A few semesters ago, Temple’s Drug and Alcohol Referral and Education (DARE) program conducted a two-month investigation in an attempt to change beliefs the group feels are false.
Program officials said that among students, especially underclassmen, misperceptions abound about drug and alcohol use on campus. Concerned about students’ misperceptions of its mission, the program officially changed its name to avoid confusion with the national police-sponsored DARE program. The education and counseling program Tuesday changed its name to Campus Alcohol and Substance Awareness (CASA).
“We’d like to get the first year students’ responses and perceptions because they’re brand new on campus, and so we want to see what they think as opposed to people who have been here on campus,” said Lori Vargo, CASA assistant coordinator.
CASA surveyed 1,347 undergraduate students concerning their use of drugs and alcohol and what they believed was the normal practice among the rest of the student body — more than 30,000 undergraduates. CASA representatives visited classrooms of different academic areas and age levels to create an accurate sample of the undergraduate student body.
Aside from questions about drugs and alcohol, students anonymously answered questions about their age, race, academic year, activities and residence.
The public result of the student survey is CASA’s misperceptions campaign.
Seen on activity boards all around campus, misperceptions campaign posters sport a fictitious character, such as the Tooth Fairy, along with the statistics from the survey:
*73.5 percent of Temple University students do not binge drink.
*88 percent of Temple University students did not use marijuana in the past month.
*62 percent of Temple University students use alcohol less than once a week.
These results are more promising than those from a survey put out by the Harvard School of Public Health last year, CASA officials said.
Of the 14,000 students interviewed nationwide, 44 percent of them said they were binge drinkers (a binge refers to finishing five or more drinks in one sitting).
Another survey done by the Core Institute in 1998 showed that athletes were more prone to drinking than other students.
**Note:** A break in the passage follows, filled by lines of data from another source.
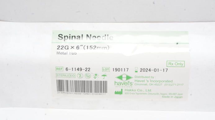 - Hakko 6-1149-22 Spinal Ndle Metal Hub 22Ga x 6inch (x)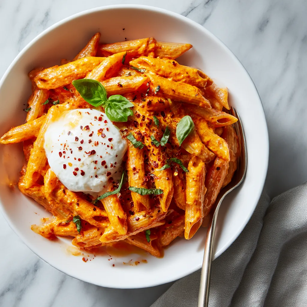 This is not your average pasta night. This is Spicy Vodka Pasta with Creamy Burrata—and once you try it, it’s going into your regular rotation.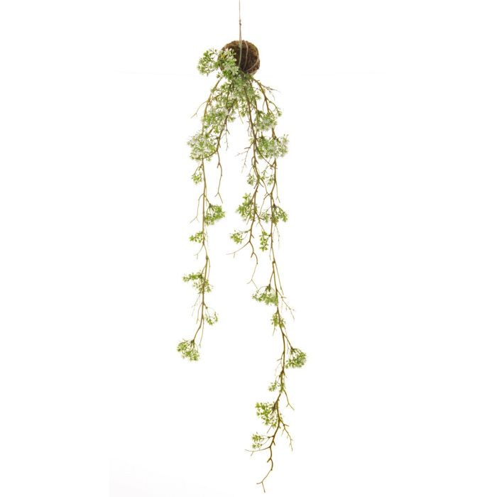 Die künstliche Ranke SIRIA in der Farbe weiß hat ein Gesamtmaß von ca. 90 cm und ist auf einem Moosball befestigt.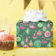 Gröntens tropiska julklapp med prydnadsföremål som flamingos eller tropiska frukter. Den guld glitter som används i detta tryck simuleras, inte glitter. Originalteckningar efter Marketa Stengl.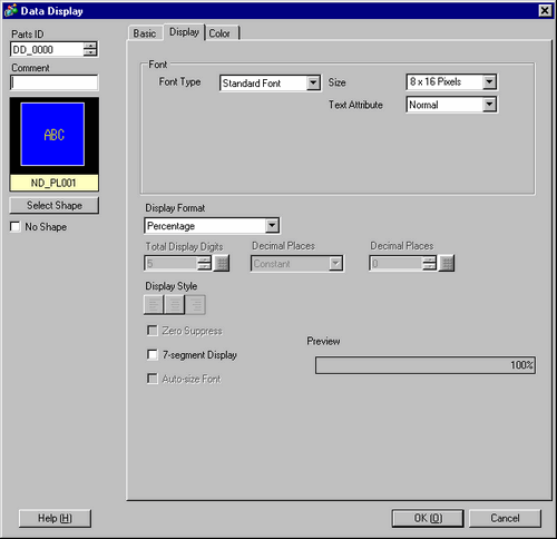 When the Total Display Digits is 5, and the Number of Decimal Places is 2, it will appear as follows: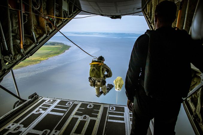 Faldskærmsudpringer fra en Hercules. Antagelig en jæger fra Jægerkorpset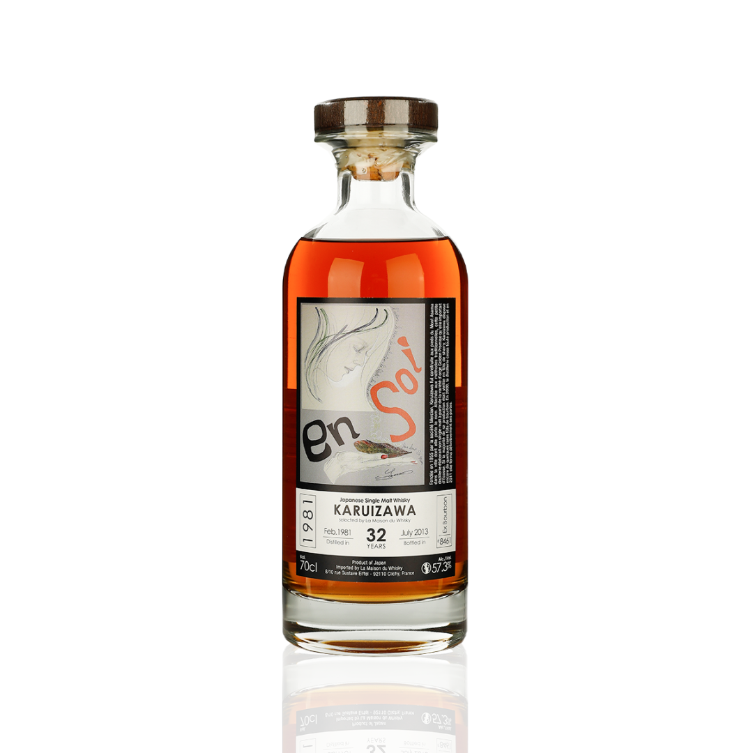 说明:此为1931-2013年轻井泽(Karuizawa)32年波本单桶威士忌,全球限量186瓶,桶号8461,57.3%酒精度;由法国LWDW(La Maison du Whisky)装瓶,并邀请大版著名艺术家山田夕香(Yuuka Yamada)设计艺术酒标。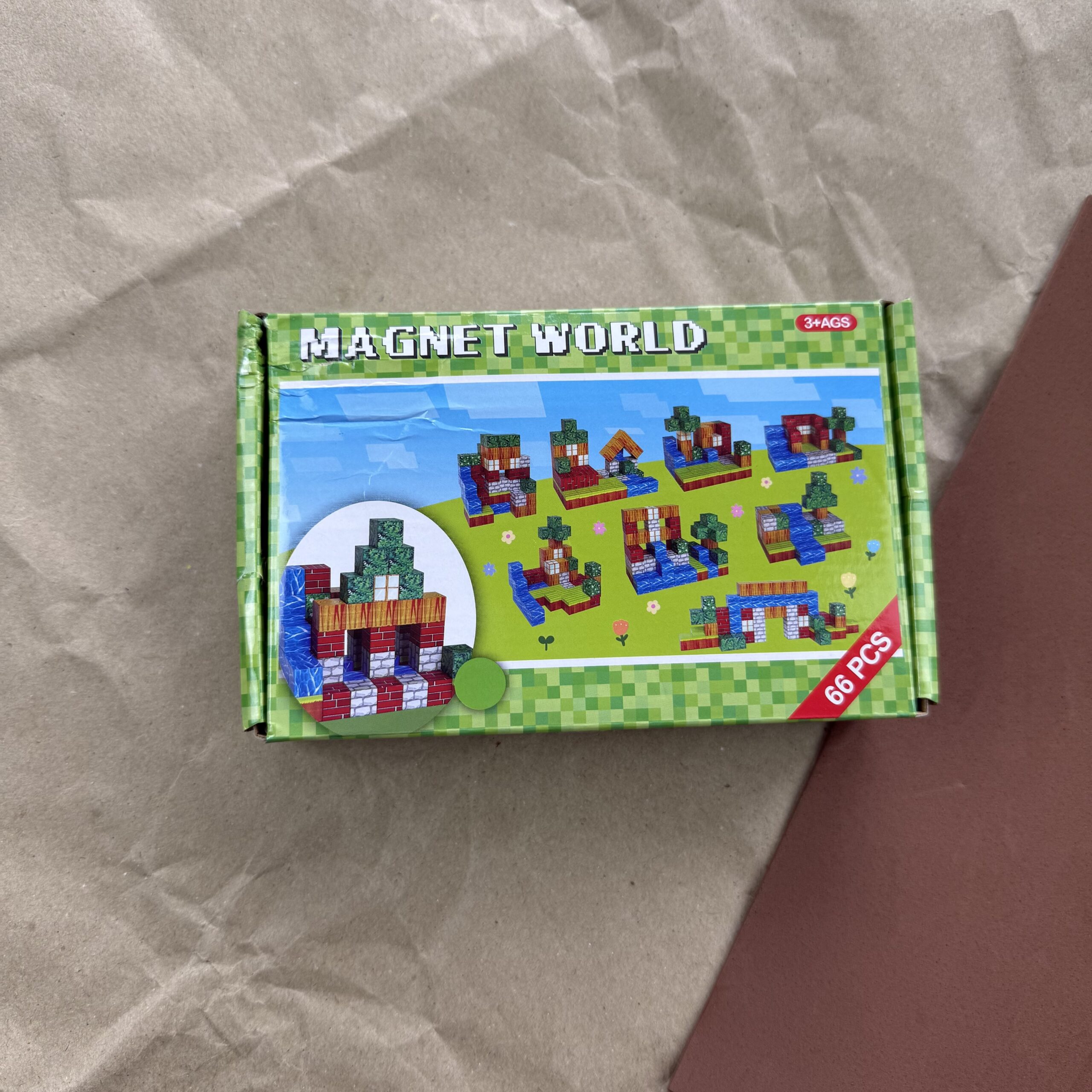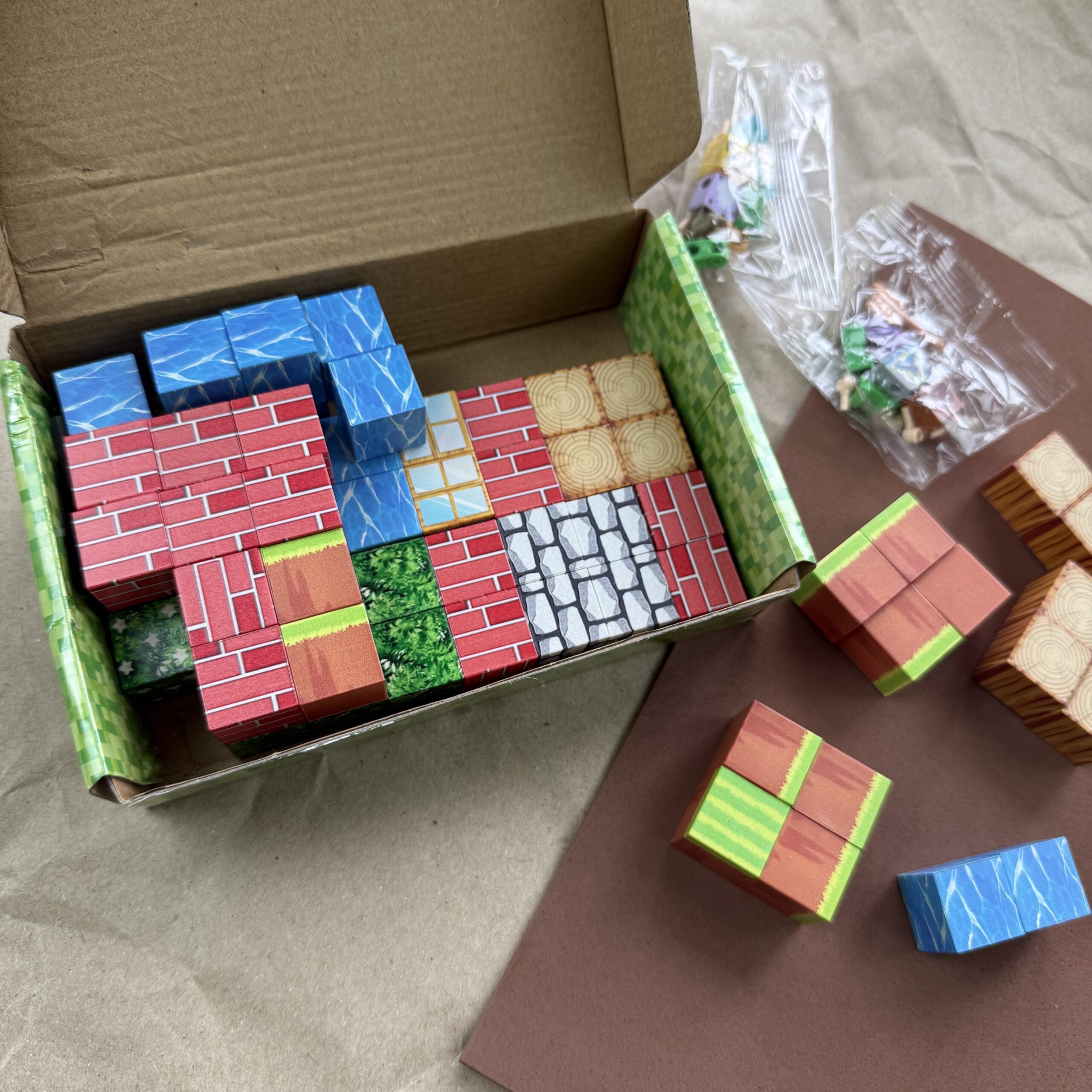 Цей набір включає 64 кубика Майнкрафт та 2 фігурки з аксесуарами.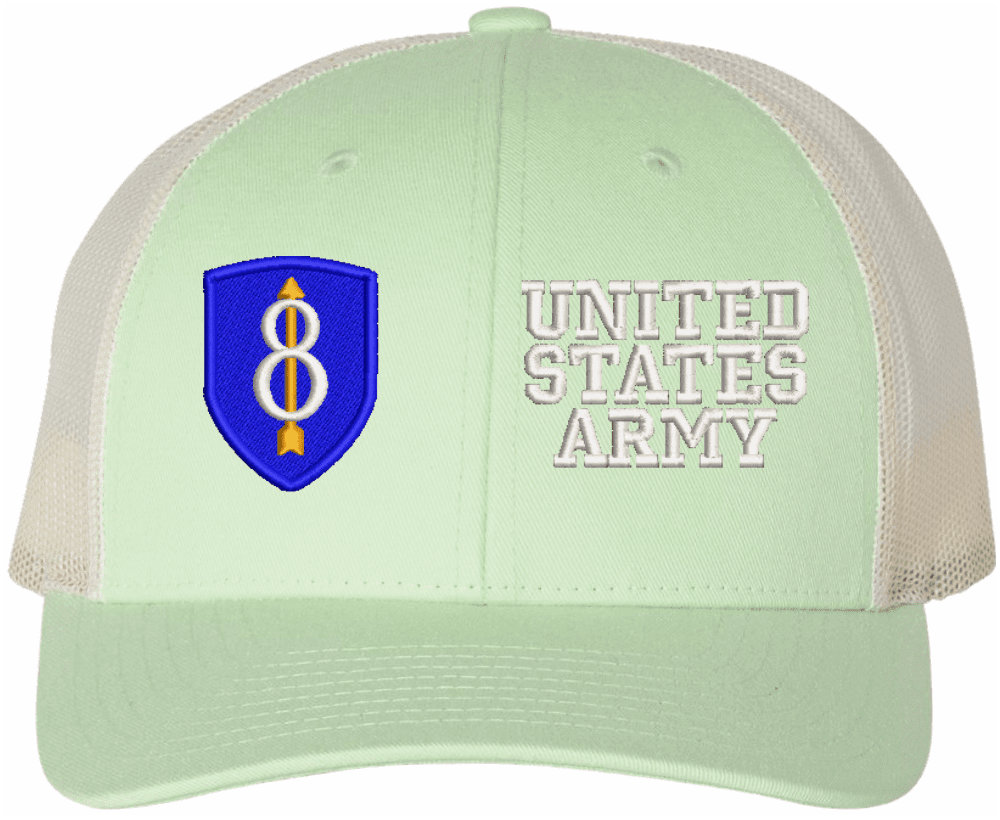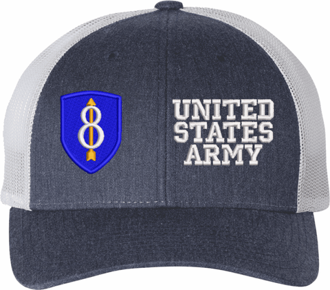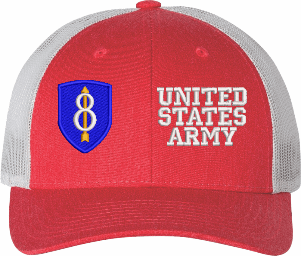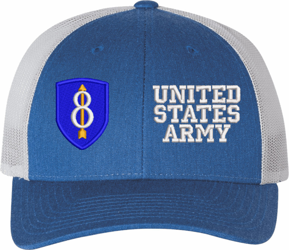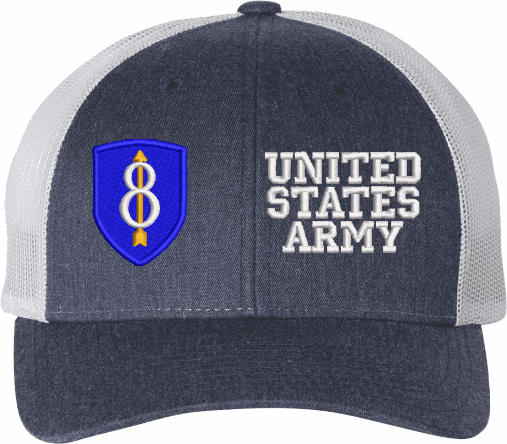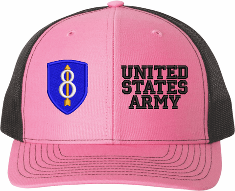 MilitaryBest is proud to offer this Mesh Back U.S. Army 8th Infantry Division United States Army Women's Split-Cap. The design is embroidered onto a 6x panel mid/low profile mesh back cap and is crisp, clean, and sure to be loved by all! As with all MilitaryBest caps and apparel your satisfaction is guaranteed!Caps ordered with embroidered back text requires an additional 1 to 2 days of production time. All personalized caps will be embroidered in ALL CAPITAL LETTERS. Caps personalized with back text are not returnable unless there is a material defect in the cap.

The statistics showed that among males, athletes drink five times more than other males. Female athletes, on the other hand, have one more drink per week than other females.
Temple students have mixed opinions about the results of the misperception survey.
“I don’t really think it’s accurate,” said Elise Wisneski, a freshman with undeclared major. “I don’t think people answered the questions honestly.”
Ironically, these are the opinions CASA’s misperceptioons campaign seeks to overcome. “I find it incredibly hard to believe,” said Latasha Williams, a freshman Biology major. “I see [drug and alcohol use] every day in the dorms.”
But Rob Adams, a freshman Communications and Theater major, feels that the survey is accurate: “The percentage of students that binge drink doesn’t surprise me at all ’cause all of the people I hang around with, that I know personally, we barely even drink at all.”
CASA will conduct misperception surveys again next fall to determine changes in student behavior.